Monday, June 8, 2009

Expensive meat and a Modigliani.

Hello Jeanne Hebuterne, pleasure to meet you.

Barefoot at a drafting table. Grandma's gifted denim shirt draped loosely, sans bra, sans everything except this shirt that has so easily become a front runner in my weekend wardrobe. Thank you Helen for this shirt. I woke to the sounds of my Thom making espresso and ironing a shirt before work, hustle bustling before the clock struck eight thirty. With a surprisingly clear head and a happy heart, I lay and listened to him, feeling like the luckiest lady in all the land. Rain fell, and is still falling and all I keep returning to in thought is how beautiful Stef looked last night on her most precious day of her life. My dear friend and coworker a la Pear (amix), got hitched last night to the lovely Emery. They will have a good (looking) life and good (looking) long-haired babies. They were kind enough to request my humble hand a la candid photography and I obliged with thanksgiving. Sadly my camera decided to malfunction the day before the wedding but all was saved by my friend Tristan who supplied one of his cameras at the last minute. Thankfully our cameras are very nearly twins, so hopefully not all was lost in the switch. I will find out tomorrow, I suppose.

Anyway, the wedding. It was a Sunday wedding made up of babes, youth, good taste, warmth, laughter, good food, style, creativity and good music. What more could a bride ask for? She looked stunning in lace and her attendants looked stunning in their bright coral, baby blue and magenta frocks with tulle galore. I was lucky enough to be whisked away with the babe wedding party straight away following the ceremony to an undisclosed location via the vintage limousine. We pulled up in front of a brick mansion with an impressive red front door filled to the brim with chandeliers, Persian rugs, an original Modigliani, a full suit of armor and an Egyptian mummy. There was even a bust of Queen Nefertiti which looked pretty damn similar to the one at the Egyptian museum in Berlin. Yes, a mummy. I found a bowler hat, a top hat, an ancient telephone from the land before time, an upright grand piano in pristine condition begging to be played, porcelain galore, statues and busts on every surface, mantels laden with weird instruments, two cellos, more chandeliers, orchids, one Monet (!), and a slew of other oil paintings that were beyond my comprehension. Every inch of wall space was covered. I had never seen the like. Ever.

All of this belonging to a tiny Eastern European jeweler with a similar stature to that of my eight year old cousin Alex (except much fatter and hairier), whose name was John. John the jeweler, proud owner of four Rolls Royce, one vintage Jaguar and married to a now-dead Hungarian ballerina named Olana. "She was a real beauty. Damn shame her heart stopped beating one night in winter". Damn shame. Beautiful.
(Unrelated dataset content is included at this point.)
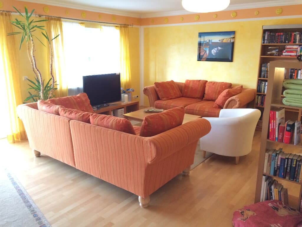 Anreise von 15 - 17 Uhr, Abreise bis 10:30 Uhr, Haustiere erlaubt (4 €/Nacht) Nichtraucherwohnung (Rauchen im Wintergarten erlaubt) Stornierungen bis 14 Tage vor Anreise sind kostenfrei, Stornierungen zwischen 14-7 Tagen vor der Anreise werden mit 50% der Gesamtkosten berechnet, Stornierungen in den 7 Tagen vor der Anreise werden mit 100% der Gesamtkosten berechnet.

I walked through that home with my mouth agape, a thousand unwritten stories racing through my head as the smell of a Sunday pot roast wafted through the rooms and hung in the air with a welcomed heaviness.

The smell of expensive meat, dust and orchids.

The sun room was the most impressive. A room smaller than the rest leaning against the brick work of the back of the mansion like a child hanging on a woman's hip. The sun room, about 8'x8' square was filled to the brim with every kind of plant known to man, windows for walls, and two sets of skinny French doors (my favorite type of door) leading into the kitchen and great room, also made of delicate glass. Skimming just above my top bun (about 5'11" above the hardwood) hung thirty odd chandeliers in all their bejewelled, bedazzled glory. Hanging crystals in the high hundreds. The light was unbelievable. Only five out of the thirty were connected to an electrical source. Seeing that room for the first time was pure insanity. My breath caught, arm hair stood to attention, eyes swallowing imagery as fast as the Rolodex of my mind could process. After I ran out of film (aggggggggh!!!!) and my other camera stopped working, the wedding party did their thing with the digital photographer and I wandered around until I found John in the kitchen. He sat comfortably in one of his many Eero Saarinen tulip chairs surrounded by knickknacks from around the globe. He stirred his tea and I drilled him about his house. Seventeen bathrooms, eleven bedrooms, thirty two fireplaces, one hundred and seven chandeliers, four garages, one bazillion bricks, three floors and five living rooms, all built in 1901. I will never forget it, as long as I live. To Stef and Emery, thank you is not enough.

The painting featured at the top of this post was the Modigliani piece I spotted on the west wall of John's great room, just below eye level in an ornate golden frame which coincidentally, happens to be one of my favorite paintings of all time: Portrait of Jeanne Hebuterne.

I want to go back.
I want to go back.
I want to go back.

To say the very least, their wedding pictures will not be your run of the mill Jumping-in-the-Exchange District bologna (no offense to anyone who is into that jazz). For whatever it is worth, my sincerest congratulations go out to the couple with the best taste in town. Bologna is for the unimaginative; pot roasts are the new black.

Wishing I was a Hungarian ballerina, yours truly, Meg.